Di labirin data, tempat logika bersemi,
Kutemukan kamu, secercah warna di algoritma kelabu.
Bukan baris kode yang merangkai senyummu,
Bukan program yang mencipta debar jantungku.
Awalnya, kurasa ini hanya simulasi,
Sebuah ilusi di layar monitor mati.
Kau hadir sebagai avatar, sempurna tanpa cela,
Namun hatiku menolak, ini bukan cinta maya.
Mata kita bertemu, bukan piksel yang berpendar,
Melainkan dua jiwa yang lama terpendam.
Suaramu terdengar, bukan sintesis yang dingin,
Melainkan melodi hangat, menusuk hingga batin.
Kucoba analisis perasaan yang membara,
Mencari rumus pasti, di antara angka dan data.
Namun, cinta tak terukur, tak bisa dipetakan,
Ia hadir begitu saja, tanpa permisi, tanpa alasan.
Kutepis semua teori, kuenyahkan semua logika,
Karena bersamamu, aku lupa dunia maya.
Genggaman tanganmu nyata, hangat dan terasa,
Sentuhan bibirmu, membakar seluruh jiwa.
Kita berdansa di bawah cahaya bulan digital,
Namun pelukanmu erat, bukan virtual.
Kau bisikkan kata cinta, bukan kode terenkripsi,
Melainkan janji setia, terukir abadi.
Mungkin, kita bertemu di dunia serba canggih,
Di mana robot menari, dan mobil terbang rendah.
Namun, kisah cinta kita, bukanlah fiksi ilmiah,
Melainkan drama klasik, dengan sentuhan modern.
Jangan ragukan sayang, ketulusan yang kurasa,
Ini bukan rekayasa, bukan pula propaganda.
Aku jatuh cinta padamu, bukan pada avatar,
Melainkan pada jiwamu, yang begitu memikat.
Biarkan para ahli berdebat tentang AI,
Biarkan mereka meramalkan masa depan nanti.
Bagiku, yang terpenting adalah hadirmu di sisi,
Menemani setiap langkah, hingga akhir hari.
Karena cinta ini, tumbuh dari rasa yang murni,
Bukan kecerdasan buatan, bukan pula mesin.
Ia hadir dari hati, yang berdetak tanpa henti,
Menyebut namamu sayang, dalam setiap mimpi.
Kau adalah anomali, di dunia yang terprogram,
Sebuah kesalahan indah, yang tak ingin kurubah.

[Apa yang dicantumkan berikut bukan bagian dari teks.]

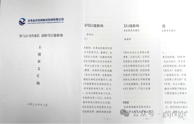 三、印制一本社會責任報告報告分為金控張掖擔保發展篇、政治建設篇、內控管理篇、服務企業篇、風險管理篇、團隊建設篇、社會責任篇及展望八個篇章,提煉了五年來公司改革發展、經營管理、服務實體經濟等方面的亮點做法。通過印制社會責任報告,進一步拓寬了對外宣傳媒介載體,展現了公司服務地方經濟發展的做法成效,起到了較好地宣傳作用。
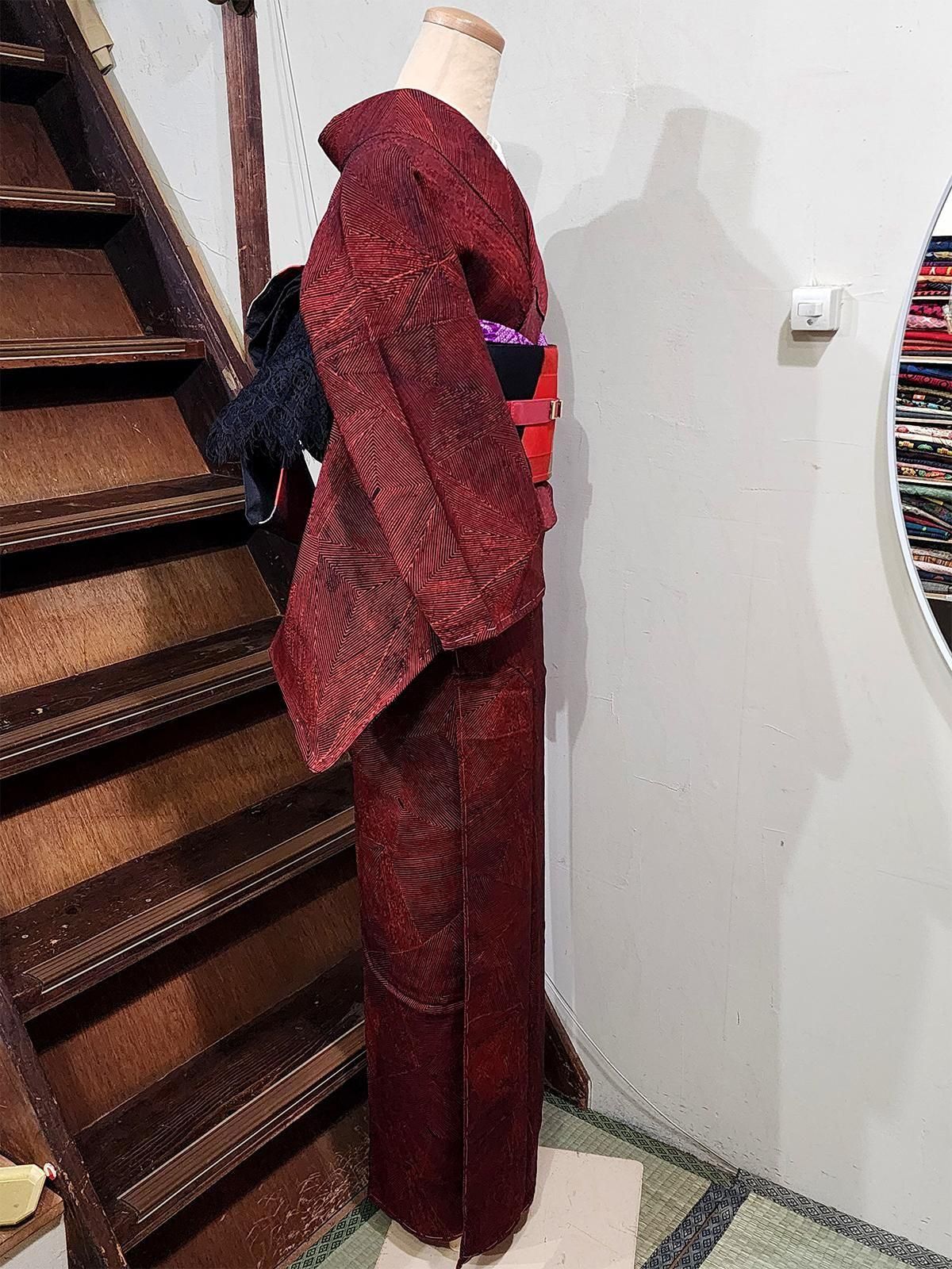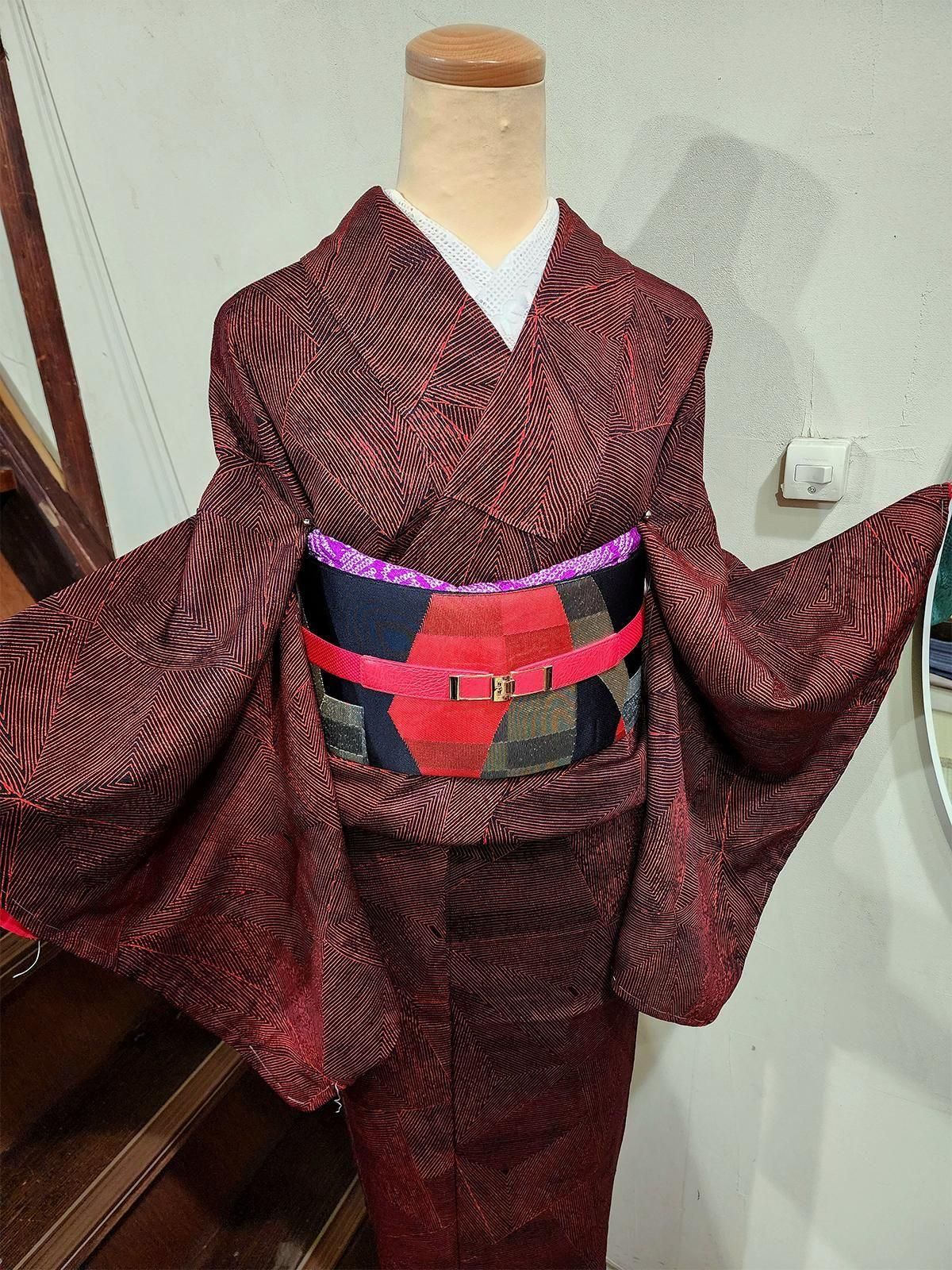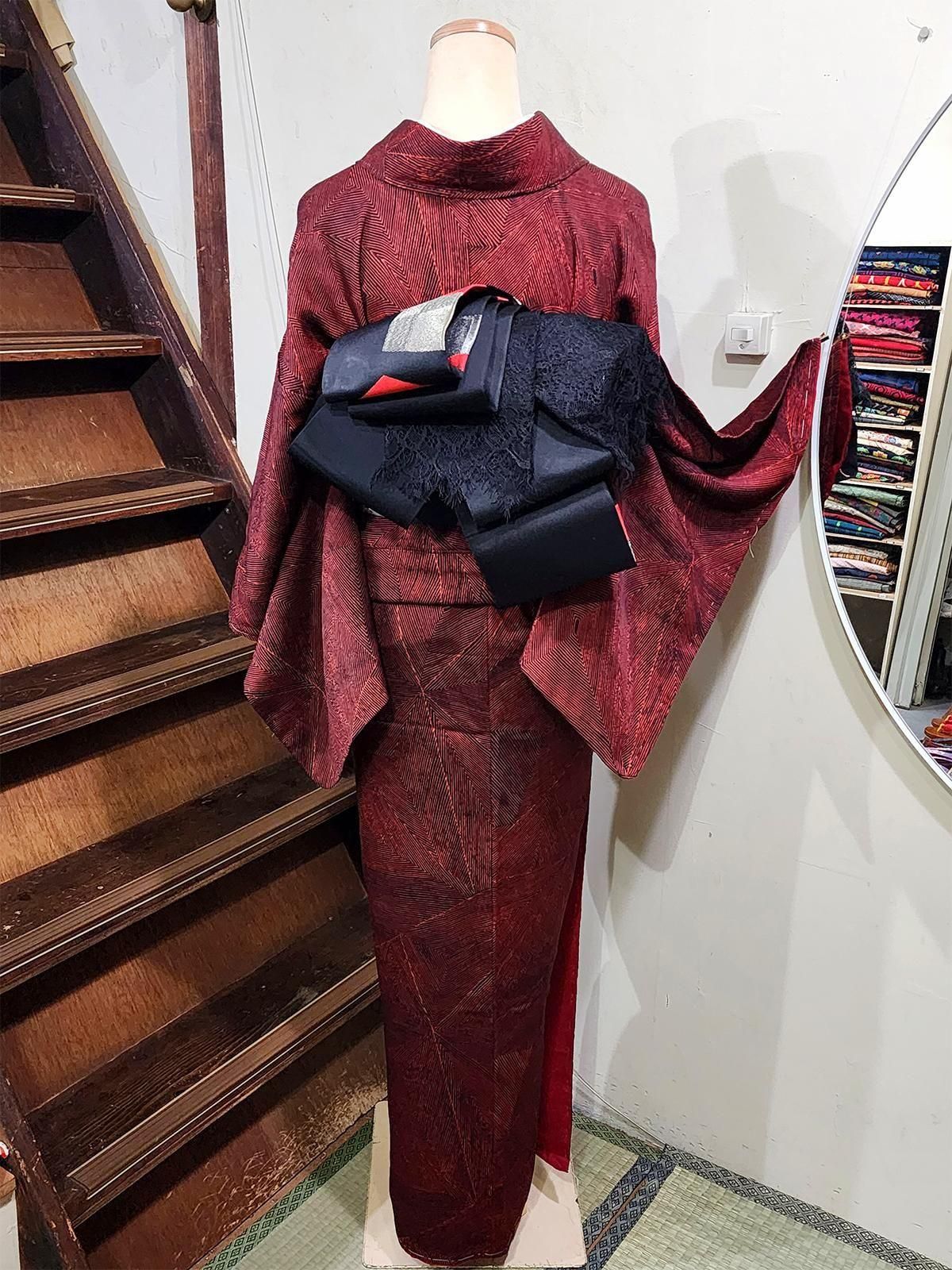ブラックにルージュレッドの微細なラインがはしり、アートな幾何学模様を描き出す正絹袷着物

Bersamamu, aku belajar, bahwa cinta itu sederhana,
Ia hanya butuh kejujuran, dan ketulusan jiwa.
Jadi, percayalah sayang, pada setiap kataku,
Cinta ini bukanlah algoritma yang membeku.
Ia adalah sungai hangat, mengalir deras dan lugu,
Menuju lautan abadi, tempat kita berlabuh.
Biarkan teknologi berkembang, secepat kilat membelah,
Cinta kita kan tetap abadi, tak lekang oleh sejarah.
Karena ia bersemi, bukan dari kecerdasan buatan,
Melainkan dari lubuk hati, yang paling dalam.